Bug#999695: systemd: emergency/rescue targets fail to stop journald

Michael Biebl biebl at debian.org
Thu Jun 2 09:35:12 BST 2022


Am 28.11.21 um 12:37 schrieb westlake:
> On 2021-11-15 10:10 a.m., Michael Biebl wrote:
>> I think, what you see is that systemd-journald.service *is* actually 
>> stopped when you run `systemctl emergency`.
> 
> systemctl isolate emergency and systemctl emergency have the same 
> results unfortunately..
> 
>> Could you check the following:
>> - When you enter the emergency shell, check the journal if 
>> systemd-journald.service has been stopped (and started again)
>> - If any of the above sockets are active?
> 
> they're all active...
> systemd-journald.socket
> systemd-journald-dev-log.socket, and
> systemd-audit.socket
> 
> while in emergency..
> 
> I can only report against the latest two versions of systemd to github 
> upstream.
> 
> was told so, over here,
> https://github.com/systemd/systemd/issues/21370
> 
> I tried to report upstream as much as possible in general, but with the 
> systemd project --- the upstream requires very recent builds --- which 
> debian doesn't have any... so I can't report my bugs upstream at that 
> location.

That's not correct, btw.
The Debian project provides the latest systemd versions via stable 
backports.
See
https://packages.debian.org/source/stable-backports/systemd

(We currently lack by one revision due to the ongoing openssl3 transition).
> instead I am told by their lead developer to file things over here.
> 
> I also would like that other issue(I pasted url above), to be fixed as 
> well... are you going to tell me to report that upstream as well?

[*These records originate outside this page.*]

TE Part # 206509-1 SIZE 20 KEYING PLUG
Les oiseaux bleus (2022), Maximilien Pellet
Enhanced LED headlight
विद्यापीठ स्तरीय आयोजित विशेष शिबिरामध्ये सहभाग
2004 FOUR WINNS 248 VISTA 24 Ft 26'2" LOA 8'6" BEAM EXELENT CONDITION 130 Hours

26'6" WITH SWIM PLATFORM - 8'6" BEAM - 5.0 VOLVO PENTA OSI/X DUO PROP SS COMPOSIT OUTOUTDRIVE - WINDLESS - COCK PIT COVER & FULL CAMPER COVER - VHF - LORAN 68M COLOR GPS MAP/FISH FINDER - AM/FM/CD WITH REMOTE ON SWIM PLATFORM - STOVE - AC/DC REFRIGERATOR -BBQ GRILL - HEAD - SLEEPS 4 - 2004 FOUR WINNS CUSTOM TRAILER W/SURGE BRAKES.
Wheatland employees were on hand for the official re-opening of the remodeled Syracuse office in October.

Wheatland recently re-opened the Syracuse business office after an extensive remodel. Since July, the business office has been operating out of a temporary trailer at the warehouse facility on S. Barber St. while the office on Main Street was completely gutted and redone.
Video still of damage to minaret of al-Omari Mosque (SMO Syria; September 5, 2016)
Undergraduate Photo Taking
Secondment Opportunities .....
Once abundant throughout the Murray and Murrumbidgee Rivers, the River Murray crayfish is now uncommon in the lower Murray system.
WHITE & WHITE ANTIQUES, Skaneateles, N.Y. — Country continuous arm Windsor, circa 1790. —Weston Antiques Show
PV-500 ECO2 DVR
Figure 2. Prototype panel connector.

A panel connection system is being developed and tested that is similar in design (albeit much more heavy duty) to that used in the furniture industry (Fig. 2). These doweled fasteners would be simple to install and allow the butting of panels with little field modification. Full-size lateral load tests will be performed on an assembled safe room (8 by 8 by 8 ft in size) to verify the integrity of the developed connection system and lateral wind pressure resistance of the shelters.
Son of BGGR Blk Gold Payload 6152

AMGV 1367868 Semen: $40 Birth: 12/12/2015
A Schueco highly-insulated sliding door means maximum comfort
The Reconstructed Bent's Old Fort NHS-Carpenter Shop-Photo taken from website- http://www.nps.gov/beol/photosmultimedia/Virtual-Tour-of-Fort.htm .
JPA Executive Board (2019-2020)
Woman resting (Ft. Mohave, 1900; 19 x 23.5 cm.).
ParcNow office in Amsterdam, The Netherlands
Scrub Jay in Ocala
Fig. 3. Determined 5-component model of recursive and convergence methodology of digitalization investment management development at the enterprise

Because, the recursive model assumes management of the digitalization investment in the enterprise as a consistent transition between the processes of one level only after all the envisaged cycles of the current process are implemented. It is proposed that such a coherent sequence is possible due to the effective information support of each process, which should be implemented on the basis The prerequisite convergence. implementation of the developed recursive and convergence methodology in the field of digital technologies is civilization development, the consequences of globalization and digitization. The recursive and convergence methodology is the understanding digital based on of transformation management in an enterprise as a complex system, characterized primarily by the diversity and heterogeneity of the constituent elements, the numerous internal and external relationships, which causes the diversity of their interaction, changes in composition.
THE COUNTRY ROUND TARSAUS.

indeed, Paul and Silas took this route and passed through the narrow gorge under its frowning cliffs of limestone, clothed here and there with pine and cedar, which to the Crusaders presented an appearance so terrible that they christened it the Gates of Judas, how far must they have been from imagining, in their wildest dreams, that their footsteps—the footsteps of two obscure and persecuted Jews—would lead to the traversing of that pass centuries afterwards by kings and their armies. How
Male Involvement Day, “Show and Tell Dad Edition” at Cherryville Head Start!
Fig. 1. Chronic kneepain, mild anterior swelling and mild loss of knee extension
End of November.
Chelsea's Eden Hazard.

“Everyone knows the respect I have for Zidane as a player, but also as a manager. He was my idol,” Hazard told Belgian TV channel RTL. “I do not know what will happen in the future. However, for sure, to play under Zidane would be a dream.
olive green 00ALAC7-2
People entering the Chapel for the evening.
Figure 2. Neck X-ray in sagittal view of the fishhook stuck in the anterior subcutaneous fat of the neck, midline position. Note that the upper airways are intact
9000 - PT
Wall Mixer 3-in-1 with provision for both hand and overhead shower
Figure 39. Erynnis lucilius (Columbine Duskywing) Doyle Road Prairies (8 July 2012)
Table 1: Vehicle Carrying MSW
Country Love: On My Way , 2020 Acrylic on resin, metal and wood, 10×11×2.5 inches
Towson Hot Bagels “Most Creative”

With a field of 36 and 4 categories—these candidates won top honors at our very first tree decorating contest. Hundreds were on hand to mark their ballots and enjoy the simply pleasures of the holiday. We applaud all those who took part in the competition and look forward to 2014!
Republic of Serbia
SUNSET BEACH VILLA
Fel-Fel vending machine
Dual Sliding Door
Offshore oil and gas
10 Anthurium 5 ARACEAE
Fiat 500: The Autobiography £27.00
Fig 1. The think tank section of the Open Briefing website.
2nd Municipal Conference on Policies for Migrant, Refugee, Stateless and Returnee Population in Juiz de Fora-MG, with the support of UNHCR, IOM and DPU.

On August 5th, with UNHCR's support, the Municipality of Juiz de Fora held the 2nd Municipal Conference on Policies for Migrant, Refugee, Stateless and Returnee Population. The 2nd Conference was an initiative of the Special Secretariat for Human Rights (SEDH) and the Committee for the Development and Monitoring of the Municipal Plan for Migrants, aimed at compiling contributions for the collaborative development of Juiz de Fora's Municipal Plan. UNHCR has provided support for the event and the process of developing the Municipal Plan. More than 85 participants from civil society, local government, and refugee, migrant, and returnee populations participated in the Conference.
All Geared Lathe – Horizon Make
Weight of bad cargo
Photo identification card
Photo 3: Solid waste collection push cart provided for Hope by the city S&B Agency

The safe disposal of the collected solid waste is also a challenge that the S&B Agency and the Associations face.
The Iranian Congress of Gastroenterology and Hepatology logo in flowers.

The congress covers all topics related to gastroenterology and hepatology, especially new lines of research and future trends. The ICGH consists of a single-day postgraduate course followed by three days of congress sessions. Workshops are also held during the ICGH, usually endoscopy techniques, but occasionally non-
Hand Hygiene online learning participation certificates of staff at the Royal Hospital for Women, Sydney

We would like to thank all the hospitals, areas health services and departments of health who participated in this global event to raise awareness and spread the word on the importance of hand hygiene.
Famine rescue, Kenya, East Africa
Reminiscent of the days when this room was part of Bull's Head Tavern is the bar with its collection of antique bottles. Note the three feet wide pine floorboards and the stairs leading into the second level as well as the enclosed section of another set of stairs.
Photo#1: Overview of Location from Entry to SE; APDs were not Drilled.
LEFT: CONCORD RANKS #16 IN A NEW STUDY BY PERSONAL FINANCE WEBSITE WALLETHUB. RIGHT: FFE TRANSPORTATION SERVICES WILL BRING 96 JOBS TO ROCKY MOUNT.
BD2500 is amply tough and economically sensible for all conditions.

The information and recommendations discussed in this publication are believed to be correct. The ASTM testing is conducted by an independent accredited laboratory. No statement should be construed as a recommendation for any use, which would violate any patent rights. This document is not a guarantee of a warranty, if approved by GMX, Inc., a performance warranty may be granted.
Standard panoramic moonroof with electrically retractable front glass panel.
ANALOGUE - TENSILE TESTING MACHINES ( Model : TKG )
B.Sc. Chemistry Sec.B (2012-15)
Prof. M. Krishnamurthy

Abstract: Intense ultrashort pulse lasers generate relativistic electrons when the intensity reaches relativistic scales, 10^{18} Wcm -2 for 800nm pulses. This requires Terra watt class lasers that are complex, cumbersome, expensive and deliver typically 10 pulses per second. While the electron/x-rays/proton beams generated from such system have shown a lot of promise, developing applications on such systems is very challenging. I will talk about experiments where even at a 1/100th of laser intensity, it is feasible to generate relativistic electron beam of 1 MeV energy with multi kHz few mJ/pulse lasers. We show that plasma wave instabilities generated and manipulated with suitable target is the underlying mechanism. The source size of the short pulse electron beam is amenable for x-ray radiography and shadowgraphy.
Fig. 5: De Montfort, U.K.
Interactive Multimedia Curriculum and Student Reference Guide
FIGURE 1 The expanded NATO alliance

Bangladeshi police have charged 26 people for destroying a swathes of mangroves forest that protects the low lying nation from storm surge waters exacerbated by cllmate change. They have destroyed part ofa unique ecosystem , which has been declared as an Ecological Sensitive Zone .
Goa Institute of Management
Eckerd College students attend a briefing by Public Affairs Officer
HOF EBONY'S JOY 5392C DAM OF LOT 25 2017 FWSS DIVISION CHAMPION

Mister 
> Lennard Poettering is blaming broken debian md-raid packages --- which 

Fwiw, his name is Lennart.

> is 100% not true at all.. it's just that he doesn't want to bother for 
> "older" systemd builds... I am 100% sure he could of looked more into 
> it, but he doesn't want to..

Reading through the above mentioned github issue, Lennart was right.
You (accidentally) broke your system by masking the tmp.mount unit and 
his advice was correct.
If you want to override a tmp.mount unit via /etc/fstab, simply add an 
entry for /tmp there.
This will generate a tmp.mount unit in /run/systemd/system which will 
take precedence over any tmp.mount unit shipped in /lib/systemd/system
See man systemd.unit about the order of "System Unit Search Path" and 
man systemd-fstab-generator.

If you used a custom tmp.mount unit in /etc/systemd/system and want to 
use /etc/fstab instead, remove /etc/systemd/system/tmp.mount.